On the one hand, the fact that the guest already has to inform the host
means we are already trusting the guest behavior on a panic.  On the
other hand, assuming that the guest will ALWAYS halt after triggering a
panic is putting a lot more trust in the guest, compared to qemu
explicitly halting the guest so that management has a chance to choose
to dump the guest's state at the moment the panic was flagged.

The biggest argument for either removing all auto-pvpanic, or reverting
pvpanic altogether, is that no one seems to be actively using pvpanic in
the field yet.  I wish we could get more feedback from Fujitsu as the
original patch authors on what they are looking for in a working
solution, rather than repeatedly second-guessing everything downstream
and delaying the eradication of the buggy behavior even longer.
Michael S. Tsirkin Oct. 31, 2013, 2:52 p.m. UTC | #6
On Thu, Oct 31, 2013 at 03:39:17PM +0100, Paolo Bonzini wrote:
> -----BEGIN PGP SIGNED MESSAGE-----
> Hash: SHA1
> 
> Il 31/10/2013 15:32, Eric Blake ha scritto:
> > On 10/31/2013 08:30 AM, Michael S. Tsirkin wrote:
> >> On Thu, Oct 24, 2013 at 10:39:03AM +0800, Hu Tao wrote:
> >>> Hi All,
> >>> 
> >>> I know it's been a long time since this thread. But qemu 1.7 is
> >>> releasing, do you have any consensus on this?
> >> 
> >> I think the biggest issue is the new PANICKED state. Guests 
> >> already have simple ways to halt the CPU, and actually do.  I 
> >> think a new state was a mistake. So how about the following?
> >> Does it break anything? (Untested).
> > 
> > Don't you still need to halt the guest on a panic event, for 
> > management to have a chance to choose what to do about the panic? 
> > I'm suspecting this patch does break things.
> 
> Yes, it does.

What does it break exactly?

> But I think that, once we make the pvpanic device is
> optional, to a large extent there is no bug.  Adding the pvpanic
> device to the VM will make libvirt obey <oncrash> instead of the
> in-guest setting, and that's it.
> 
> Two months have passed and no casualties have been reported due to
> pvpanic.  Let's just remove the auto-pvpanic from all machine types in
> 1.7 (yes, that's backwards incompatible in a strict sense), document
> it in the release notes, and hope that the old QEMU versions with
> mandatory pvpanic die of old age.

Nod. I'm fine with that.

> All the advantages/disadvantages from my original messages still
> apply.  Let's ignore the disadvantages and just KISS.
> 
> Paolo

I think we still need to do get rid of the PANICKED state somehow.
If we can't replace it with RUNNING state, let's replace it with PAUSED.

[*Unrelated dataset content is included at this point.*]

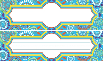 Barker Creek’s double-sided Moroccan Name Plates/Bulletin Board Signs are incredibly versatile! There are 36 name plates that measure 12" long x 3.5" wide. Use the side with rules when making name plates for student desks and lockers, creating word walls, making flashcards for spelling and vocabulary lists, and more. Use the side without the rules for making beautiful bulletin board signs, labeling cubbies, and making hall passes. Because they are double-sided, you can also hang them from the ceiling to identify learning centers, activity zones, library stacks – the possibilities are endless. Coordinating products available: Search Barker Creek Moroccan.

For example, you can't continue from panicked for some reason.
You can't do a reset.
But you can pause and then continue.


> -----BEGIN PGP SIGNATURE-----
> Version: GnuPG v2.0.22 (GNU/Linux)
> Comment: Using GnuPG with Thunderbird - http://www.enigmail.net/
> 
> iQIcBAEBAgAGBQJScmuVAAoJEBvWZb6bTYbyS6MP/Rb9japkUmjKy+bUW2Bf5vHD
> hOrCL/20LC17OdIdzOngjfcY6OyPrtZ6dtjzvSjsWoxjW+QNuTwLM5h+0kOmvlM/
> UCqX9MZiKFysVphnwIFy2fzTKmAVw5WqUlS17XMsiKxpvCquy5Fss5PWB3k3orMD
> kRCoTTmQDID95T38OqezvzDaRjNvoHXOTuWFOhbzWt2OFUwg1WDy1GLKV/pSx0/o
> GS2/RYo5iQkEtZk0muj0fmWEZX1K2nfaYmVQh39LJhFrWQLabHskYz1+n/OTmwQT
> 3DiUkfeqrxLahlyHbIOguLjLY8gH2fZa0gzHEB7D0b1aiuqQmsxM3ELdl8pJJzex
> 1ZGKt9X1u58v/SvfDHW14uCMAiv8jgQDnDOa6pgi7DezBQym+90+RnzC2Z5BcHIp
> hsPEB0Bc47REPu69GOSj7XQ1uan5yQS38jSv8D11nJEW8VfXiV4smOZhivrEOicR
> mdYYV6BNc985vcVOmvmkTJ5VkUOKeMzMDAJkSDqN6P0fQKTOJpCtJag3TcjHVRB4
> ORXUrdO9NuICGjwB75T86INkxEsXFaw1aHIKpcxMk2PN6u/Zc+n7GXf65ReGorbL
> 2QUrepzUUt+mTYXJha9h7gEudRnixe5zK8AgqtSHAJPKP++LrFz4lrmzCHC6e3V1
> 6K2AhZl4EjBJaf6AMy70
> =GBBt
> -----END PGP SIGNATURE-----
Paolo Bonzini Oct. 31, 2013, 2:56 p.m. UTC | #7
Il 31/10/2013 15:52, Michael S. Tsirkin ha scritto:
>> > Yes, it does.
> What does it break exactly?

The point of a panicked event is to examine the guest at a particular
moment in time (e.g. host-initiated crash dump).  If you let the guest
run, it may reboot and prevent you from getting a meaningful dump.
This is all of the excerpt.